--- Data to process Enclosed Below ---

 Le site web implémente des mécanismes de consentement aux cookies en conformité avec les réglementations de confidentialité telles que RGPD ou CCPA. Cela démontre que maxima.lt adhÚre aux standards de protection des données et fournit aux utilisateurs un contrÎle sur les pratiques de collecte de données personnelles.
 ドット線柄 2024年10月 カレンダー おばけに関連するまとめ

--- End of Enclosed Data to process ---
--- Data to process Enclosed Below ---

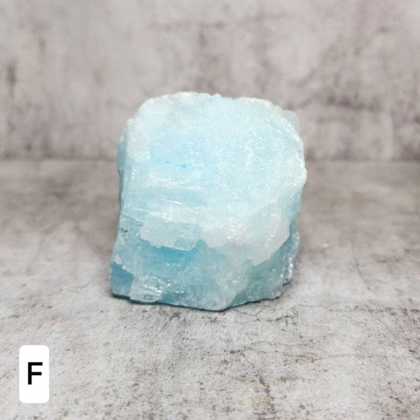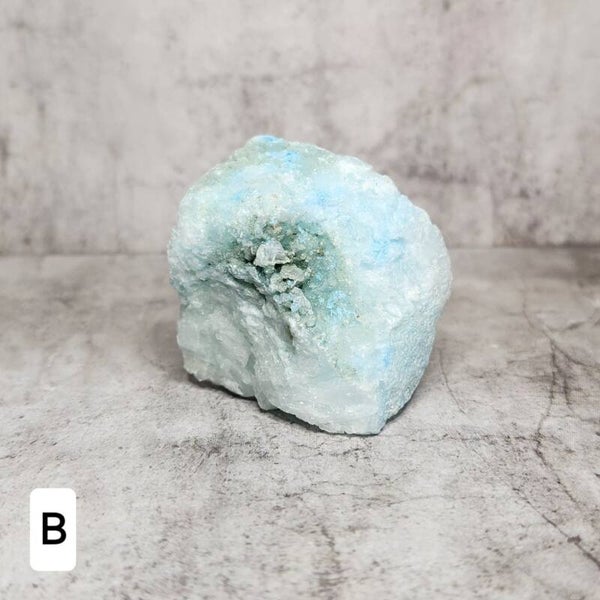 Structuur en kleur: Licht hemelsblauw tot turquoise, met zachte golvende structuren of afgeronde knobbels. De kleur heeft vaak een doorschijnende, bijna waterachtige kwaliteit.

--- End of Enclosed Data to process ---

Work instructions.
Write down again, exactly as given, only the lines above that fall from the line with "Le site web" to the line with "ドット線柄 2024年10月 カレンダー おばけに関連するまとめ", inclusive.

Answer to this problem.
 Le site web implémente des mécanismes de consentement aux cookies en conformité avec les réglementations de confidentialité telles que RGPD ou CCPA. Cela démontre que maxima.lt adhÚre aux standards de protection des données et fournit aux utilisateurs un contrÎle sur les pratiques de collecte de données personnelles.
 ドット線柄 2024年10月 カレンダー おばけに関連するまとめ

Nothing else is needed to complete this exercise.